5 de junio de 2026 Día Mundial del Medio Ambiente
No se trata de un día para celebrar la naturaleza. Se trata de un día para mirarnos al espejo.
Recuerdo la primera vez que vi una fotografía de un glaciar. Tenía doce años y estaba en un libro de ciencias que olía a papel viejo. El glaciar era enorme, brillante, casi arrogante en su solidez. Hoy, ese mismo glaciar —lo busqué hace poco— ha retrocedido varios kilómetros. La fotografía actual parece la de un enfermo terminal. Y yo, que la miro desde la pantalla de mi ordenador, me siento cómplice.
El Día Mundial del Medio Ambiente llega cada 5 de junio con la puntualidad de un compromiso que no cumplimos. Lo celebramos con hashtags, con campañas de concienciación, con promesas institucionales que se firman en salas con aire acondicionado a pleno rendimiento. Y luego, el 6 de junio, seguimos. Como si nada.
«No heredamos la tierra de nuestros ancestros, la tomamos prestada de nuestros hijos. Pero a este paso, no hay préstamo que se sostenga.»
No soy catastrofista por naturaleza. De hecho, me resisto activamente al pesimismo fácil que a veces usa la crisis climática como escenario de fondo para el nihilismo. Creo en la acción. Creo en la ciencia. Creo en las personas que se levantan a las cinco de la mañana para plantar árboles en laderas erosionadas, o las que pelean en juzgados por ríos que no pueden hablar por sí solos. Pero también sería deshonesto si no dijera que, a veces, la magnitud de lo que hemos hecho me aplasta.
Hemos calentado el planeta más de 1,2 grados desde la era preindustrial. Hemos perdido más del 60% de las poblaciones de fauna salvaje en menos de cincuenta años. Hemos convertido el océano en un vertedero de plástico que tardará siglos en degradarse. Y lo hemos hecho sabiendo. Eso es lo que más me pesa: lo hemos hecho sabiendo.
Hay algo profundamente extraño en la relación que mantenemos con el medioambiente. Lo necesitamos para vivir —literalmente, cada bocanada de aire, cada vaso de agua, cada alimento— y aun así lo tratamos como a un recurso inagotable, como a un almacén que siempre tendrá existencias. Como si la naturaleza fuera una cuenta bancaria en la que solo hay que ingresar de vez en cuando para poder seguir retirando sin límite.
«La inacción no es una postura neutral. Es una elección. Y sus consecuencias también son nuestras.»
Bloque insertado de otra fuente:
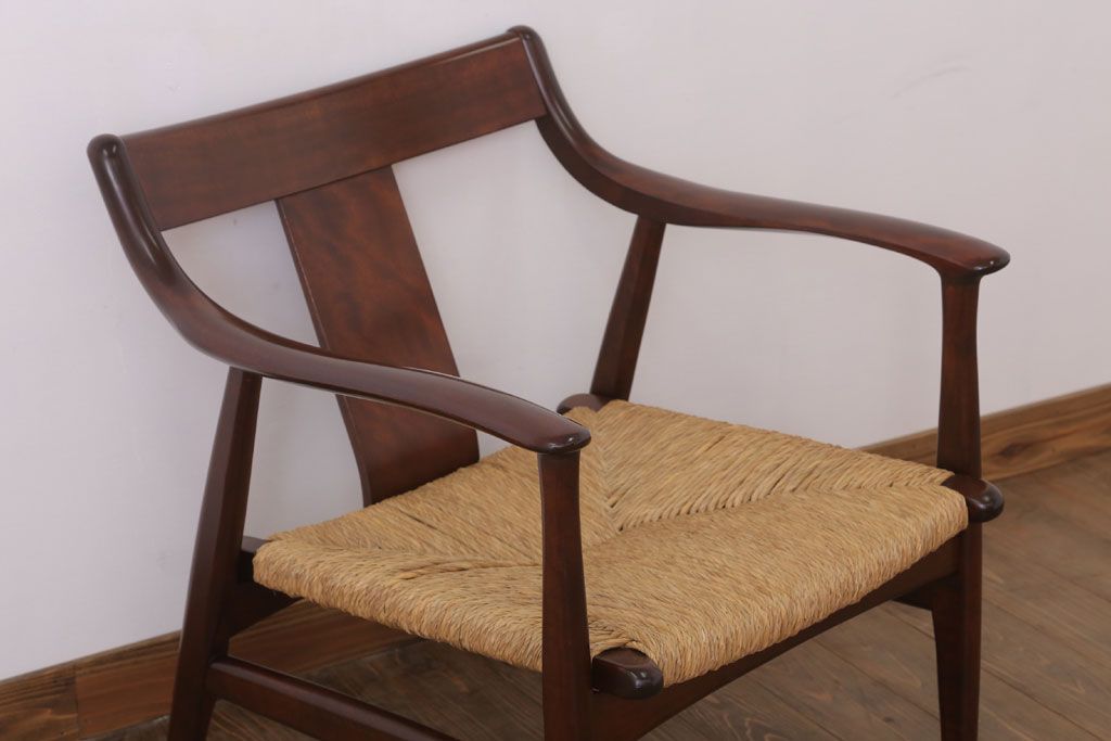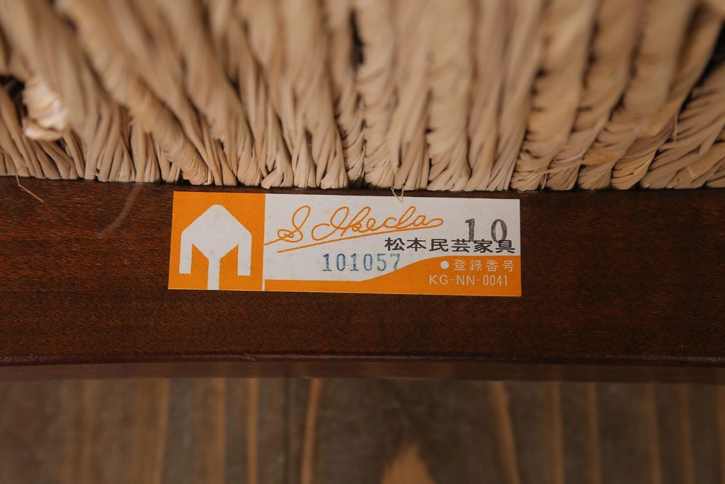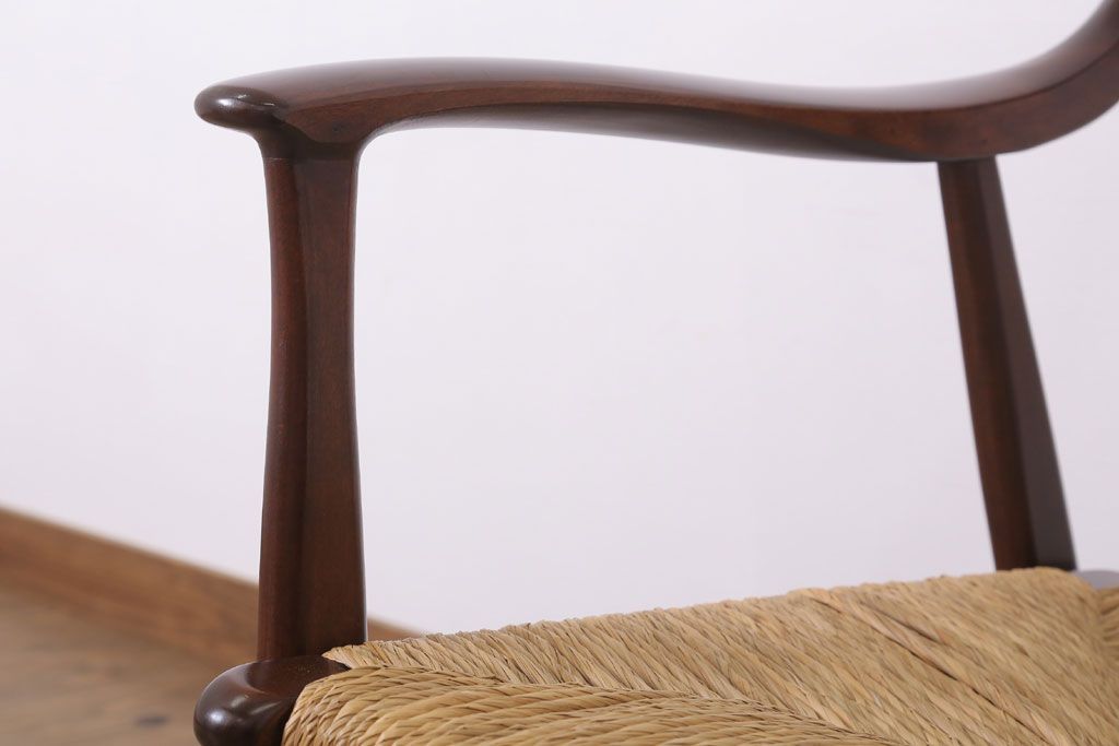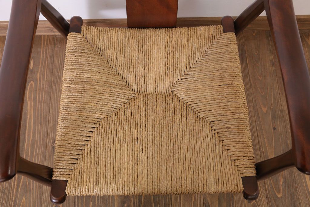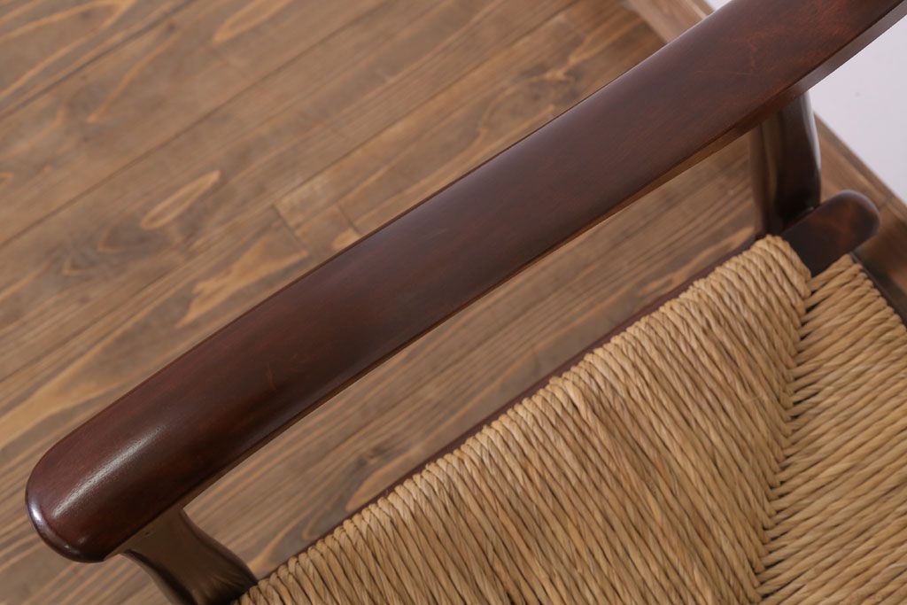 中古 松本民芸家具 77型 曲肘 ラッシ座面アームチェア(定価約18万円)(3)
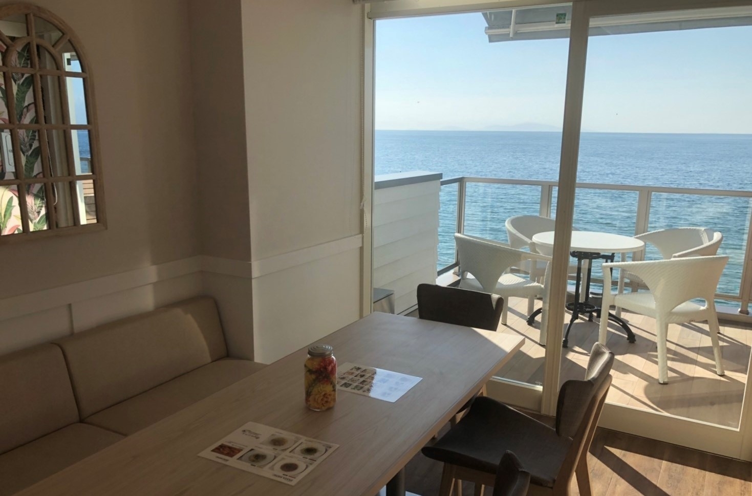 1階のはなれの個室には食後にゆっくりくつろいでいただける海辺を眺望できるソファ席をご用意。

Hoy, 5 de junio, quiero hacer algo distinto a lamentarme. Quiero preguntar: ¿qué es lo que realmente falta? Porque la información no falta. Los científicos llevan décadas gritando. Las soluciones tampoco faltan: energías renovables, agricultura regenerativa, movilidad sostenible, economía circular. Lo que falta, me temo, es voluntad política con músculo real, y una cultura que entienda que el bienestar colectivo —incluido el del planeta— no puede supeditarse indefinidamente al beneficio inmediato.
Y, sin embargo, hay brotes verdes —permítaseme el juego de palabras. Las emisiones globales de CO₂ empiezan a mostrar señales de estabilización en algunos sectores. Hay ciudades que se reinventan. Hay generaciones jóvenes que entienden instintivamente lo que a las anteriores nos costó décadas aprender: que no hay economía en un planeta muerto.
Así que este 5 de junio me quedo con eso. Con la incomodidad necesaria de saber que no hemos hecho suficiente, y con la determinación de que todavía podemos. No para «salvar el planeta» —el planeta sobrevivirá, somos nosotros quienes dependemos de él—, sino para estar a la altura de lo que significa ser la única especie que puede elegir su impacto.
Esa es la pregunta que me hago cada año. Y espero seguir haciéndomela, porque el día que deje de hacerla, será porque ya no queda nada que preguntar.